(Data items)
# # #

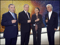 Emil Ciocoiu, care trăieşte în Germania, îi adresează comisarului câteva cuvinte în finlandeză, mulţumindu-i pentru găzduire. Tablourile sunt în general de mari dimensiuni, foarte potrivite pentru spaţiile instituţionale, mai greu de închipuit într-o sufragerie. Stilul - pointillist abstract. Titlul expoziţiei - Omagiu Viitorului. Cel mai impresionant e un triptic reprezintând o galaxie, parcă în plină expansiune... Cu puţină imaginaţie, înfăţişează momentul aderării României. La stânga - ca o stea între stele, la dreapta - drept într-o gaură neagră. Toate opţiunile sunt deschise. Luna trecută, Comisia a găzduit o expoziţie de fotografii, înfăţişând faruri de pe coasta Croaţiei. Pentru ambele ţări, o operaţiune de lobby artistic reuşită. Când era comisar pentru extindere, Guenter Verheugen organiza şi el expoziţii de artă din ţările candidate, dar numai în propriul birou, pentru că la vechiul sediu al Comisiei nu era loc de aşa ceva. "Problema" Prodi În drumul spre ieşire, trec pe lângă un şir de portrete ale foştilor preşedinţi ai Comisiei Europene, încheiat cu Romano Prodi. Rezultatul alegerilor din Italia confirmă parcă zicala că fiecare popor are liderii pe care-i merită. La Bruxelles, nici unul dintre candidaţi n-a lăsat o impresie prea bună. Numit de ziare "Problema Prodi," fostul şef al executivului european şi-a încheiat mandatul ţinând conferinţe de presă exclusiv în italiană, pentru ca era greu de înţeles în engleză sau franceză. Chiar pe limba lui, lui Romano Prodi îi venea greu să evite gafele. A început promiţând "o armată europeană," spre iritarea britanicilor şi a încheiat calificând pactul economic de stabilitate drept "stupid." Avea perfectă dreptate, dar momentul nu era de loc pe placul germanilor şi francezilor, cei care acum încalcă prevederile acestui pact pe care tot ei l-au impus. Credibilitatea politicienilor italieni a fost subminată şi mai dramatic de Silvio Berlusconi. Ca preşedinte în exerciţiu al Uniunii Europene, acesta a insultat un euro-parlamentar german, numindu-l gardian de lagăr de concentrare, s-a oferit să devină avocatul Rusiei privind drepturile omului, şi a scos din buzunar un petec de hârtie gol când trebuia să finalizeze Constituţia Europeană. Acum câteva luni, l-am reîntâlnit pe Romano Prodi în faţa Parlamentului European, mult mai calm şi mai vesel decât atunci când era preşedintele Comisiei Europene. Venea să le vorbească italienilor din Belgia despre platforma lui în alegeri, şi se pare că n-a fost în zadar. Italienii din străinătatea au oferit alianţei de centru stânga a lui Romano Prodi majoritatea în Senat, fără de care nu ar putea guverna. Puteţi să trimiteţi comentarii sau să-i adresaţi întrebări Oanei Lungescu, legate de rubrica ei săptămânală "În culisele Europei" la adresa rom.dept@bbc.co.uk. |
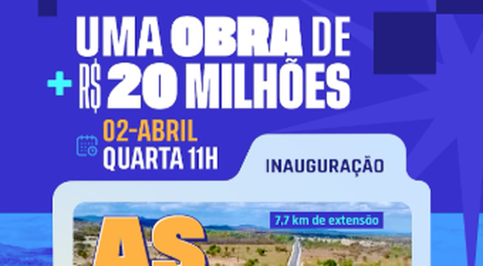 O prefeito de Inhapi (AL), Tenorinho Malta, utilizou as redes sociais no domingo (30) para anunciar a inauguração da pavimentação da estrada de acesso ao Povoado Promissão, que acontecerá na próxima quarta-feira (2), às 11h.
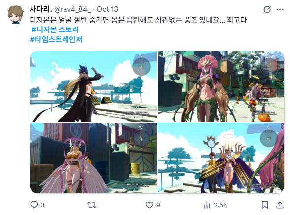 모험을 통해 디지몬을 동료로 만들고, 진화, 퇴화, 커스터마이즈를 거치며 자신만의 디지몬을 키워 나갑시다. 시리즈에 친숙한 디지몬부터 게임에 처음 등장하는 디지몬까지, 다양한 디지몬과의 만남을 즐겨주세요.
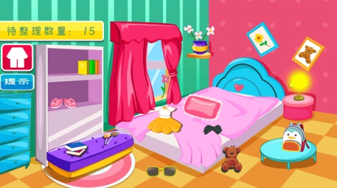 2、第一步是整理房间,孩子可以通过点击物品来完成房间的整理工作,以此培养他们的整理能力。
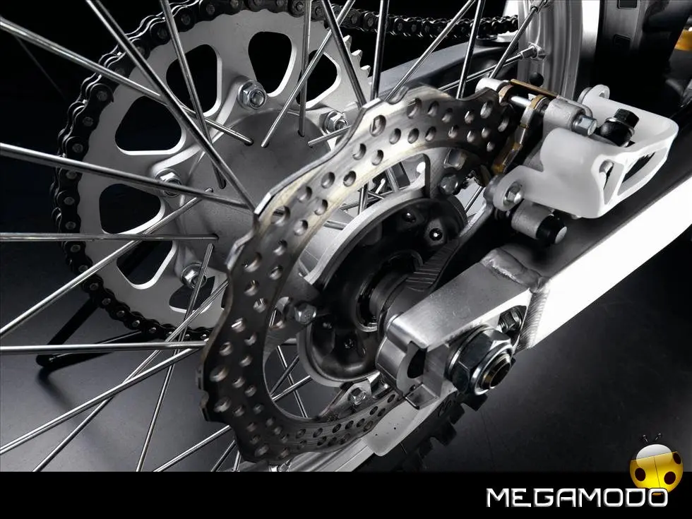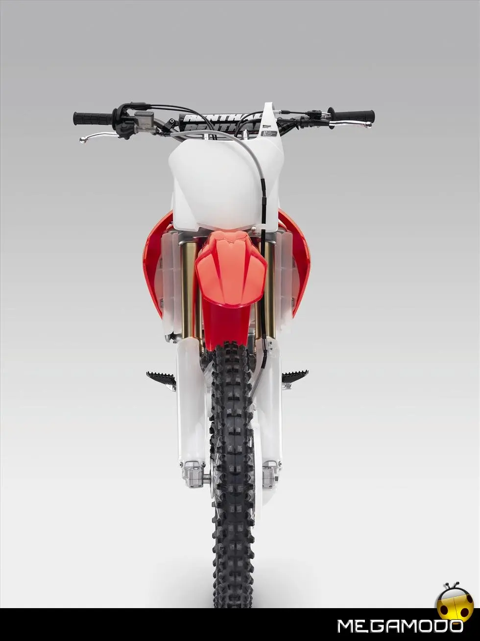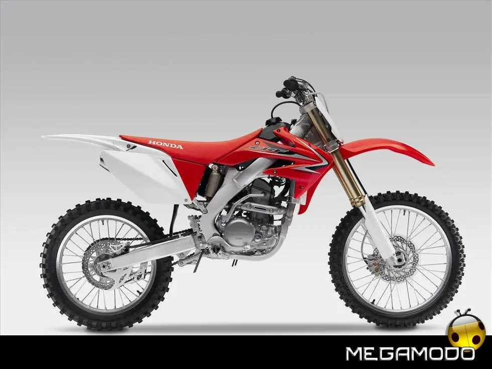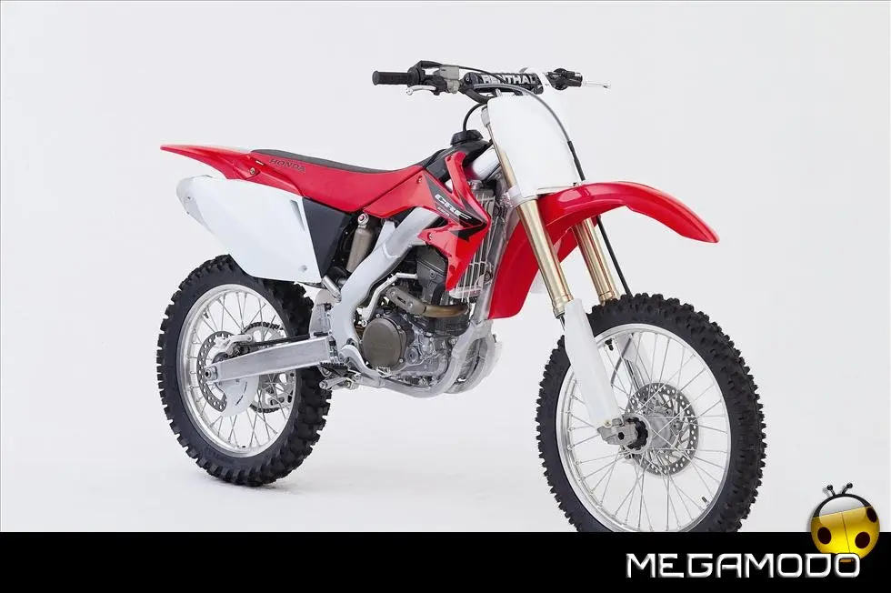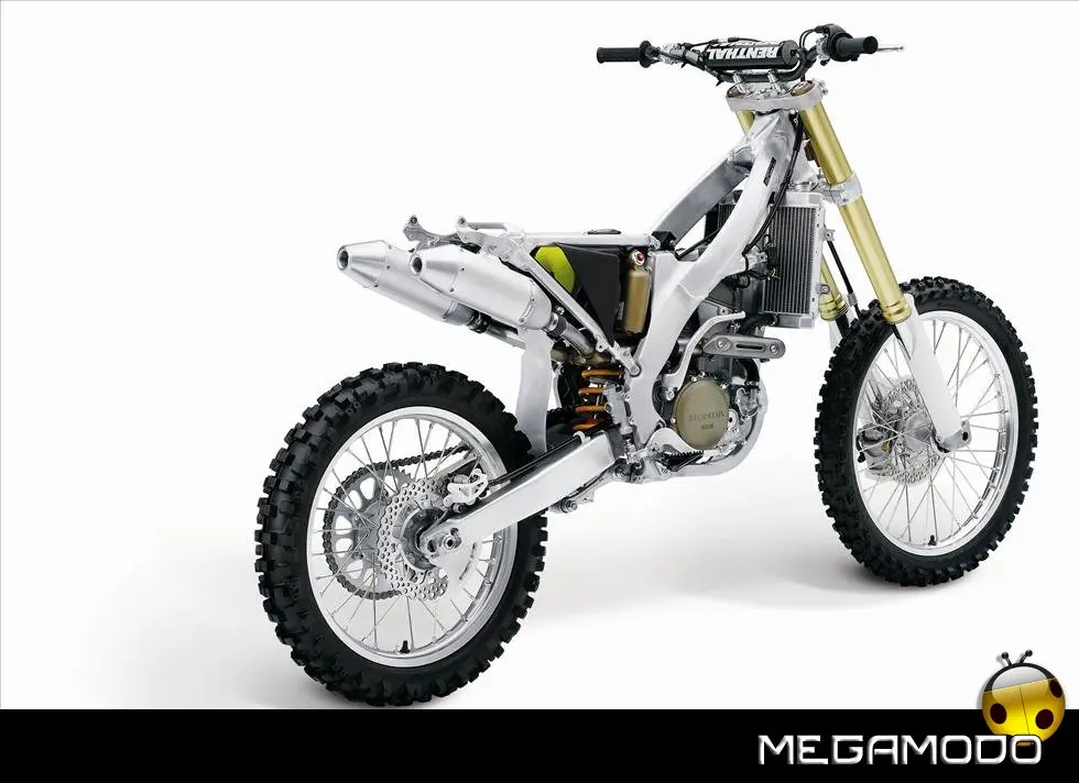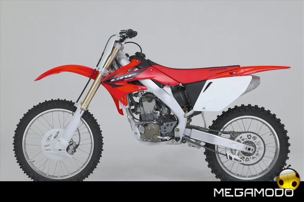Telaio/Sospensioni - Nuovo telaio di IV generazione a doppia trave in alluminio, con piastra di sterzo in alluminio forgiato e sezione rastremata del tubo discendente, per una ottimizzata rigidezza del telaio. Le (alte) piastre del perno del forcellone e le sottili travi del telaio formano una sezione incrociata che migliora il comfort del pilota e la maneggevolezza complessiva. - Forcellone a due bracci rastremati, con ampia struttura incrociata in alluminio pressofuso. - Cerchio anteriore e posteriore con raggi in alluminio derivati dalle competizioni (HRC), per ridurre le masse alternate. - L’asse posteriore (diametro 25 mm), con cuscinetti di grande diametro, assicura rigidità e robustezza ottimali sui tracciati tortuosi. - Forcella rovesciata Showa con doppia camera da 47 mm, cartuccia interna con trattamento Kashima e nuovo settaggio. Escursione da 315 mm, regolabile nel ritorno (16 posizioni) e nella compressione. - Sospensione posteriore Pro-Link con monoammortizzatore Showa interamente regolabile; nuovo assetto, escursione da 314 mm, regolazione della compressione separata per le basse velocità (13 posizioni) e le alte velocità (3,5 giri), regolazione del ritorno in 17 posizioni. - Pistone dell'ammortizzatore posteriore da 50 mm di diametro, per prestazioni sempre ottimali anche nelle condizioni più difficili. - Pompa del freno anteriore “link type” con disco alleggerito, per una grande efficacia dell’impianto. - Pinza del freno anteriore con due pistoncini in alluminio anodizzato. Il disco anteriore alleggerito riduce le masse alternate, migliorando la maneggevolezza del mezzo. - Freno posteriore derivato dalle competizioni (HRC); integra la pompa secondaria ed il serbatoio del fluido, eliminando il classico serbatoio esterno ed il manicotto. - Freno a disco anteriore e posteriore da 240mm - Piastra forcella con offset di 22 mm, per facilitare l’ingresso e la percorrenza in curva. - L’assetto del “mono” posteriore è stato adeguato alle modifiche effettuate sulla forcella.

# # #

-- Directions for this task --
Reproduce all of the entries word for word, skipping any pictures they hold.

-- Output for this exercise --
 Emil Ciocoiu, care trăieşte în Germania, îi adresează comisarului câteva cuvinte în finlandeză, mulţumindu-i pentru găzduire. Tablourile sunt în general de mari dimensiuni, foarte potrivite pentru spaţiile instituţionale, mai greu de închipuit într-o sufragerie. Stilul - pointillist abstract. Titlul expoziţiei - Omagiu Viitorului. Cel mai impresionant e un triptic reprezintând o galaxie, parcă în plină expansiune... Cu puţină imaginaţie, înfăţişează momentul aderării României. La stânga - ca o stea între stele, la dreapta - drept într-o gaură neagră. Toate opţiunile sunt deschise. Luna trecută, Comisia a găzduit o expoziţie de fotografii, înfăţişând faruri de pe coasta Croaţiei. Pentru ambele ţări, o operaţiune de lobby artistic reuşită. Când era comisar pentru extindere, Guenter Verheugen organiza şi el expoziţii de artă din ţările candidate, dar numai în propriul birou, pentru că la vechiul sediu al Comisiei nu era loc de aşa ceva. "Problema" Prodi În drumul spre ieşire, trec pe lângă un şir de portrete ale foştilor preşedinţi ai Comisiei Europene, încheiat cu Romano Prodi. Rezultatul alegerilor din Italia confirmă parcă zicala că fiecare popor are liderii pe care-i merită. La Bruxelles, nici unul dintre candidaţi n-a lăsat o impresie prea bună. Numit de ziare "Problema Prodi," fostul şef al executivului european şi-a încheiat mandatul ţinând conferinţe de presă exclusiv în italiană, pentru ca era greu de înţeles în engleză sau franceză. Chiar pe limba lui, lui Romano Prodi îi venea greu să evite gafele. A început promiţând "o armată europeană," spre iritarea britanicilor şi a încheiat calificând pactul economic de stabilitate drept "stupid." Avea perfectă dreptate, dar momentul nu era de loc pe placul germanilor şi francezilor, cei care acum încalcă prevederile acestui pact pe care tot ei l-au impus. Credibilitatea politicienilor italieni a fost subminată şi mai dramatic de Silvio Berlusconi. Ca preşedinte în exerciţiu al Uniunii Europene, acesta a insultat un euro-parlamentar german, numindu-l gardian de lagăr de concentrare, s-a oferit să devină avocatul Rusiei privind drepturile omului, şi a scos din buzunar un petec de hârtie gol când trebuia să finalizeze Constituţia Europeană. Acum câteva luni, l-am reîntâlnit pe Romano Prodi în faţa Parlamentului European, mult mai calm şi mai vesel decât atunci când era preşedintele Comisiei Europene. Venea să le vorbească italienilor din Belgia despre platforma lui în alegeri, şi se pare că n-a fost în zadar. Italienii din străinătatea au oferit alianţei de centru stânga a lui Romano Prodi majoritatea în Senat, fără de care nu ar putea guverna. Puteţi să trimiteţi comentarii sau să-i adresaţi întrebări Oanei Lungescu, legate de rubrica ei săptămânală "În culisele Europei" la adresa rom.dept@bbc.co.uk. |
 O prefeito de Inhapi (AL), Tenorinho Malta, utilizou as redes sociais no domingo (30) para anunciar a inauguração da pavimentação da estrada de acesso ao Povoado Promissão, que acontecerá na próxima quarta-feira (2), às 11h.
 모험을 통해 디지몬을 동료로 만들고, 진화, 퇴화, 커스터마이즈를 거치며 자신만의 디지몬을 키워 나갑시다. 시리즈에 친숙한 디지몬부터 게임에 처음 등장하는 디지몬까지, 다양한 디지몬과의 만남을 즐겨주세요.
 2、第一步是整理房间,孩子可以通过点击物品来完成房间的整理工作,以此培养他们的整理能力。
Telaio/Sospensioni - Nuovo telaio di IV generazione a doppia trave in alluminio, con piastra di sterzo in alluminio forgiato e sezione rastremata del tubo discendente, per una ottimizzata rigidezza del telaio. Le (alte) piastre del perno del forcellone e le sottili travi del telaio formano una sezione incrociata che migliora il comfort del pilota e la maneggevolezza complessiva. - Forcellone a due bracci rastremati, con ampia struttura incrociata in alluminio pressofuso. - Cerchio anteriore e posteriore con raggi in alluminio derivati dalle competizioni (HRC), per ridurre le masse alternate. - L’asse posteriore (diametro 25 mm), con cuscinetti di grande diametro, assicura rigidità e robustezza ottimali sui tracciati tortuosi. - Forcella rovesciata Showa con doppia camera da 47 mm, cartuccia interna con trattamento Kashima e nuovo settaggio. Escursione da 315 mm, regolabile nel ritorno (16 posizioni) e nella compressione. - Sospensione posteriore Pro-Link con monoammortizzatore Showa interamente regolabile; nuovo assetto, escursione da 314 mm, regolazione della compressione separata per le basse velocità (13 posizioni) e le alte velocità (3,5 giri), regolazione del ritorno in 17 posizioni. - Pistone dell'ammortizzatore posteriore da 50 mm di diametro, per prestazioni sempre ottimali anche nelle condizioni più difficili. - Pompa del freno anteriore “link type” con disco alleggerito, per una grande efficacia dell’impianto. - Pinza del freno anteriore con due pistoncini in alluminio anodizzato. Il disco anteriore alleggerito riduce le masse alternate, migliorando la maneggevolezza del mezzo. - Freno posteriore derivato dalle competizioni (HRC); integra la pompa secondaria ed il serbatoio del fluido, eliminando il classico serbatoio esterno ed il manicotto. - Freno a disco anteriore e posteriore da 240mm - Piastra forcella con offset di 22 mm, per facilitare l’ingresso e la percorrenza in curva. - L’assetto del “mono” posteriore è stato adeguato alle modifiche effettuate sulla forcella.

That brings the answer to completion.